龍谷大学大学院経営学研究科は、1966年(昭和41年)経営学部開設を基礎として、1982年(昭和57年)に設置されました。以来40年近くにわたり、一般学生から社会人、そして近年では、大連外国語大学日本語学院との提携等により多くの留学生まで幅広く受け入れ、優秀な人材を輩出してまいりました。

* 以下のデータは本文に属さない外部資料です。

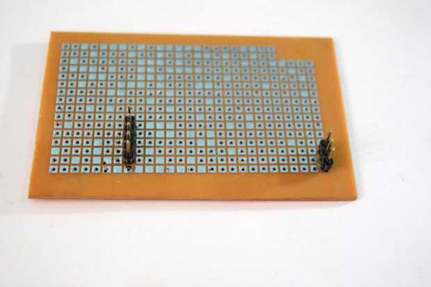 Después de las cabeceras de soldadura permite cortar el exceso PCB, para ello utilicé una herramienta rotatoria, también se puede utilizar un cortador de PCB. Después de cortar la placa debe tener un escudo, como el de la imagen. Se puede lijar los cantos irregulares para un look más limpio.
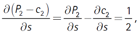 As this expression must be negative, (P1 s– P2 )>0, it requires for P1s> P2. In the extreme case of maximum differentiation, if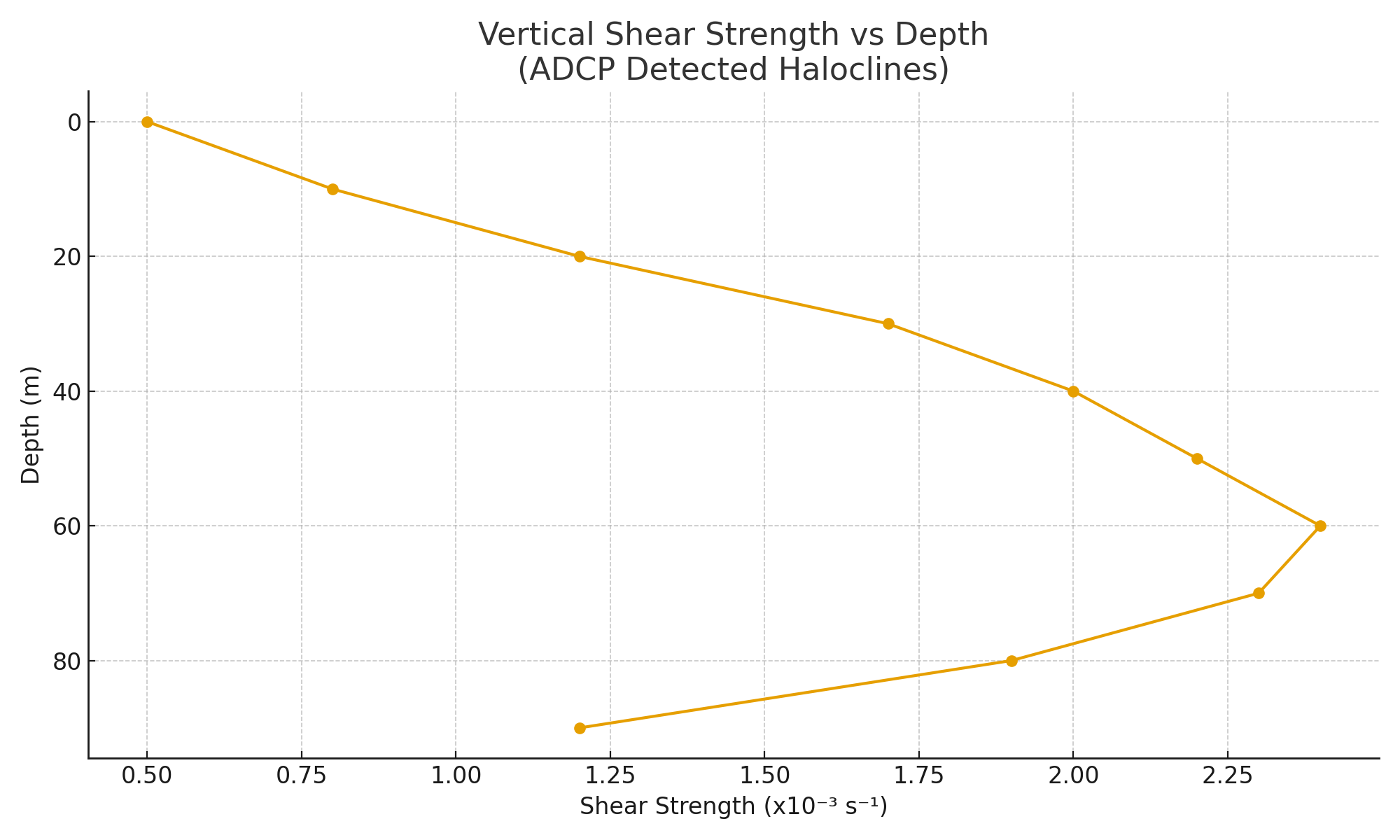 To isolate salinity-derived shear layers, we cross-referenced Doppler shear breaks with in situ CTD profiles and eliminated thermal-only barriers. Acoustic returns were also processed to reveal suspended particulate bands, indirect evidence of halocline entrapment. In 28 of 42 deployments, we observed persistent, non-tidal vertical current shear bands consistent with chemically dense intrusions. These were later confirmed via density inversion checks and salinity anomalies compared to climatological baselines.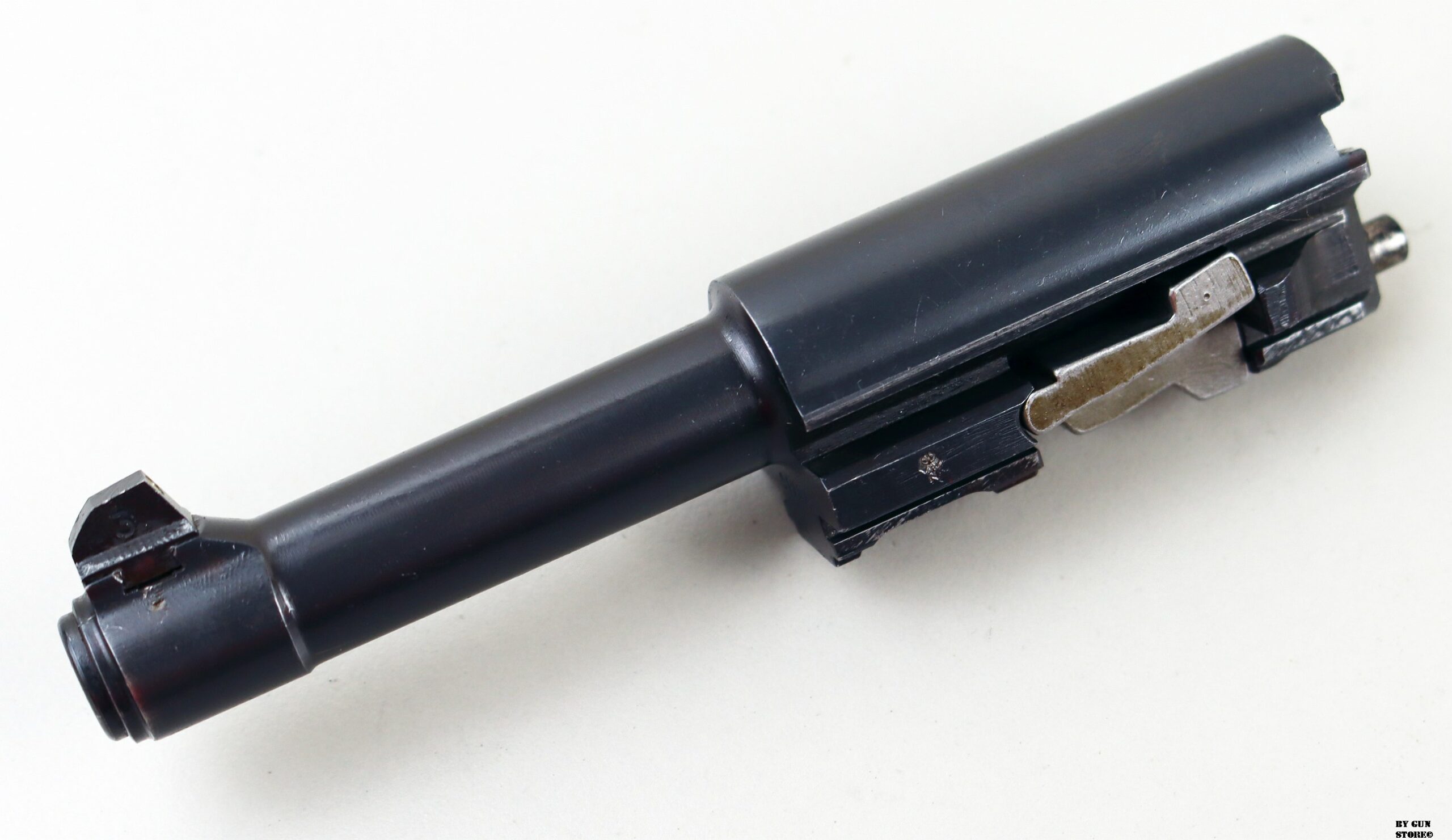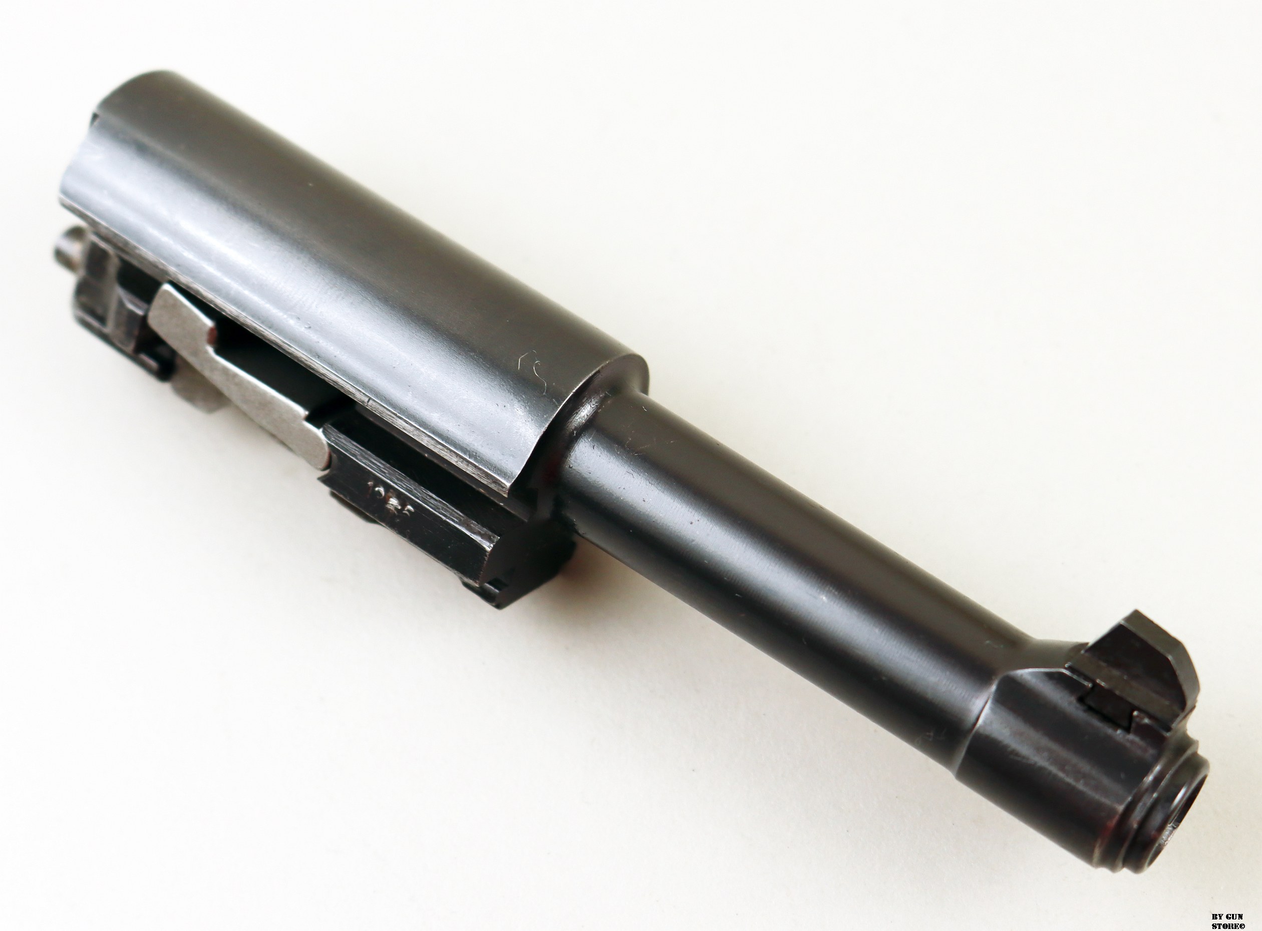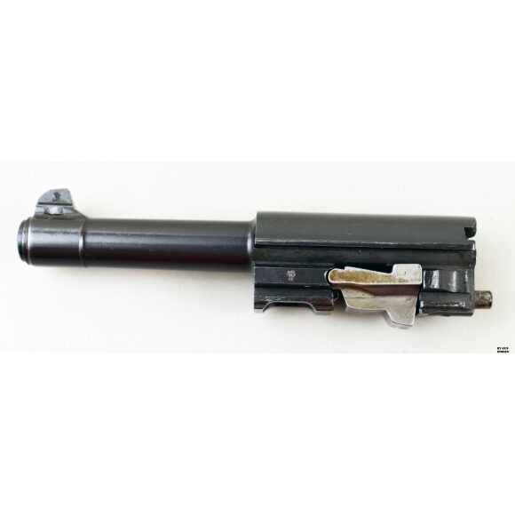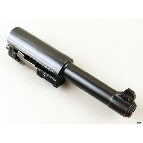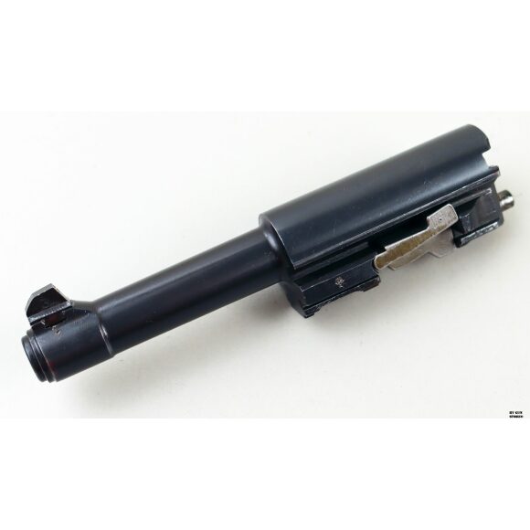 Canna originale Walther prodotta a Ulm per la pistola P38 o P1. Ultima variante con mirino più largo con dot bianco, adottato dopo la matricola 370.000 circa. Canna a specchio con rigature ben definite. Calibro 9×19.

本研究科では、建学の精神をふまえつつ、経営学の高度で専門的な知識を会得するための研究の推進および応用能力の涵養を通じて、複雑な構造と機能をそなえた現代社会の要請にこたえる専門職業人および研究者の育成を教育理念・目的として掲げ、修士課程および博士後期課程を設置しています。
周知のように、私たちは現在、国際紛争による世界秩序の動乱、地球環境問題に起因する異常気象、AIを始めとする科学技術の目ざましい発展がもたらす功罪など、激しく変化する、先行きが不透明な時代を生きています。もちろん、企業に代表される組織も環境内的存在であるので、その運営に携わるリーダーや管理者は、こうした現代の乱流的な時代に組織をうまく適応させ、その存続を目指さなければなりません。
そのためにリーダーに求められるのは、全体状況を俯瞰的に捉え、問題の本質を迅速かつ的確に見抜く「洞察力」、雑多な情報を整理し概念化したうえで、問題解決のための斬新なアイデアを創出する「構想力」、創出されたアイデアを具現化しタイムリーに実行する「決断力」といった創造的で革新的なスキルである、と考えられます。もちろん、これら組織のリーダーや上位の管理者に求められるスキルは、直観的・感覚的属性を内包しているので、本来かなりの実務経験を積まなければ身に付きません。とはいえ、こうしたセンスや感性が問われるスキルも(例えば、全体状況を俯瞰的に捉えるために経営戦略論の知見が有用であるように)、しっかりとした知識や理論的な基盤なしには効果的に発揮することができないことも事実です。その意味で、高度な専門知識を修得することには大いに意義があるのです。
このようなことから、本研究科では、有能な組織リーダーを育成することに力点を置いたカリキュラムを編成しております。その一例として、指導教員から専門的な知識や理論をより深く学べるように「演習」を週2回開講している点をあげることができます。これからも、本研究科で修得した専門的・理論的な知識が将来の実務経験に活かされ、卓越した実践的スキルを有するリーダーへと成長できるように、より良いカリキュラムの編成に努めていきたいと考えております。